La nostra società riconosce che c’è un problema e che bisogna fare qualcosa subito, ma quando davvero si arriva a parlarne sembra tutto molto lontano, inutile e senza importanza e le statistiche lo dimostrano: un italiano su quattro crede che l’atteggiamento e l’abbigliamento di una donna influiscano sulle sue probabilità di essere violentata, tre persone su dieci credono che uno schiaffo alla partner per gelosia o altre motivazioni futili non sia violenza, un italiano su tre crede che forzare la compagna ad avere un rapporto sessuale senza che lei ne abbia voglia non sia una violenza sessuale. C’è davvero bisogno di spiegare perché abbiamo fallito?

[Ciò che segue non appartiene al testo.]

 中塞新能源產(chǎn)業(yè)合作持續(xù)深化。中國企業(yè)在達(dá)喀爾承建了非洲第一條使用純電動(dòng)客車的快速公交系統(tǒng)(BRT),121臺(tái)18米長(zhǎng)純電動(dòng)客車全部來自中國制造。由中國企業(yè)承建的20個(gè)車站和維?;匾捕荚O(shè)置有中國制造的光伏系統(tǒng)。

Ci rattristiamo, ci indigniamo, vogliamo condannare gli assassini, ma non pensiamo mai a come sia possibile che così tante persone siano tranquillamente riuscite a far sparire più di un centinaio di vite.

Crediamo davvero che quattro uomini su delle poltrone in televisione siano una voce autorevole sul tema della violenza contro le donne? O che Alfonso Signorini in un programma spazzatura abbia abbastanza voce in capitolo per parlare di aborto con una disarmante superficialità? O che la scuola faccia abbastanza? O che se ne parli troppo? O che sia facile vivere in una società del genere, dove se ho i capelli rossi sono brava a offrire prestazioni sessuali, se mi vesto attillata sono una prostituta, dove se mi gridano “bella gnocca” mentre cammino devo sentirmi lusingata, dove uno schiaffo non è nulla e chi mi dovrebbe proteggere sottovaluta le mie denunce, dove la mia stessa nonna, cresciuta in un ambiente ancora più radicalmente patriarcale, non indossa i pantaloni perché sono da uomo e da “donna di strada”, dove Rete 4 manda in onda uno spot in cui Michelle Hunziker dice che se nascondiamo il fatto che subiamo violenze per paura diventiamo complici del nostro carnefice?

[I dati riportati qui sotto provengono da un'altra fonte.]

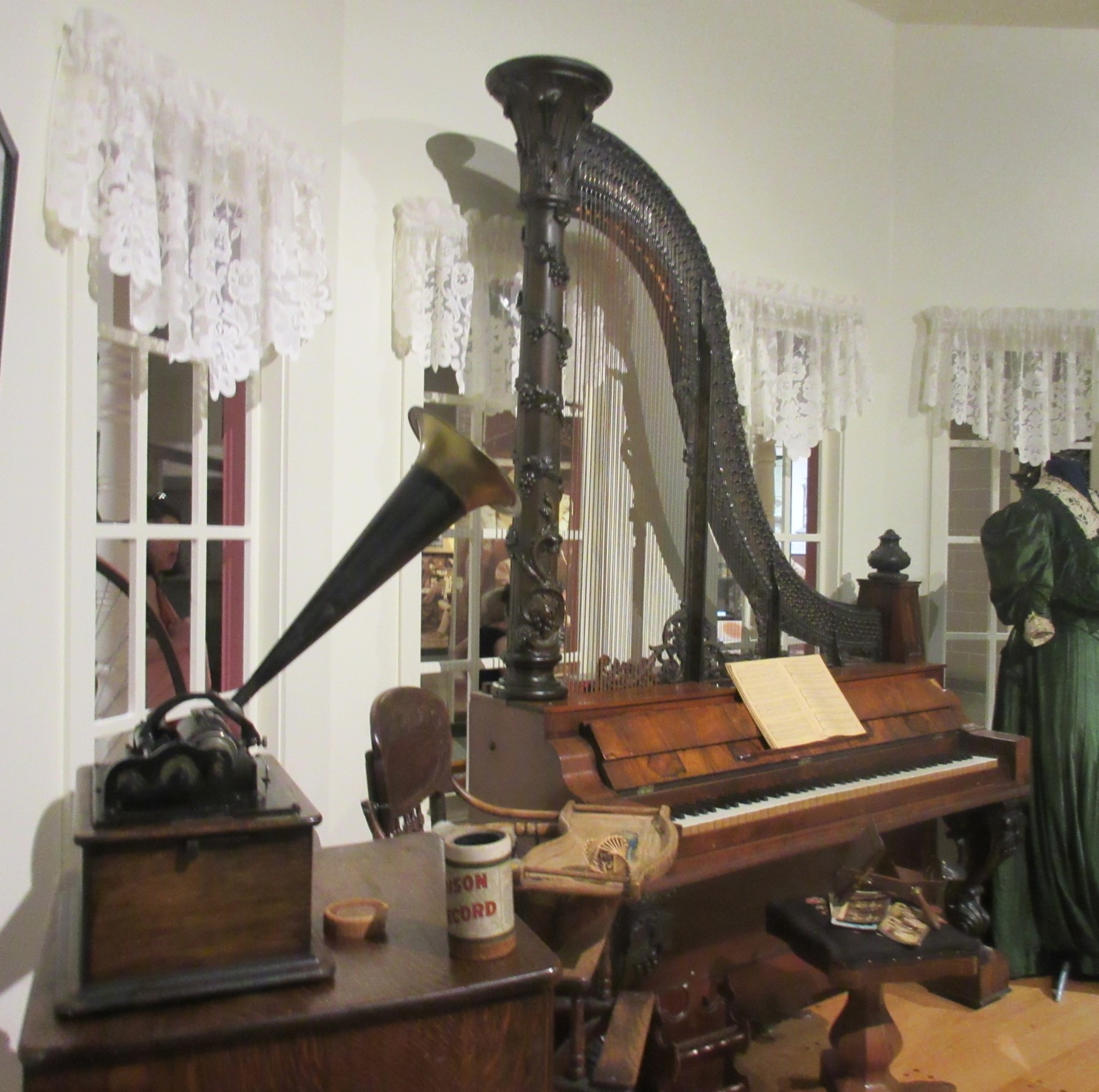Music makers from way back when such as the Thomas Edison phonograph and the Transitional Piano, the evolutionary link leading from harpsichords and grand pianos to upright pianos.

Tutto questo è solo la punta di un enorme iceberg: la pressione psicologica, i ricatti, le violenze subdole che rappresentano un problema enorme di cui pochi si preoccupano e che viene ignorato da molti.

La violenza contro le donne può essere psicologica, fisica, economica, sessuale. Può essere definita stalking, catcalling, discriminazione o disparità di genere. Può essere troppe cose.

Le denunce ai centri antiviolenza non sono mai state così tante e questa è una sconfitta. Qualcuno direbbe che è un bene, che finalmente le donne hanno la forza e il coraggio di denunciare. Ma tutto ciò non è altro che una schifosa disfatta. Finché ci sarà anche solo una denuncia sarà vergognoso e non potremo definirci come una civiltà avanzata e basata sull’uguaglianza. Le scuole dovrebbero fare informazione, dovrebbero spronarci a conoscere la nostra società, dovrebbero formarci come persone e non solo su questo argomento, ma su tanti temi che vengono completamente ignorati e su cui dobbiamo crearci una cultura da soli. Si dovrebbe riformare la giustizia e creare leggi efficienti e messe davvero in atto. Si dovrebbero sensibilizzare correttamente le persone: meno programmi che parlano delle stesse cose negli stessi giorni e più varietà di informazioni corrette, ospiti competenti e temi contemporanei utili.

Rendiamoci conto di quello che ci accade intorno, informiamoci, comprendiamo.

Una delle più recenti ferite che ci dimostra per l’ennesima volta che bisogna cambiare riguarda il 21 novembre, quando la ministra per le Pari Opportunità, Elena Bonetti, ha discusso la mozione contro la violenza sulle donne davanti a 8 deputati su 630 che avrebbero potuto essere lì.

Cos’altro serve per dire che c’è un enorme problema sociale?

La Giornata Internazionale Per L’Eliminazione Della Violenza Contro Le Donne è un reminder annuale delle nostre responsabilità, ma sta a noi scegliere se iniziare a cambiare le cose e smontare questa società patriarcale per formarne una paritaria o se ignorare tutto questo e continuare a fare la faccia triste quando parlano di nuovi femminicidi per dimenticarcene un minuto dopo.

Basterebbe solo un briciolo di umanità.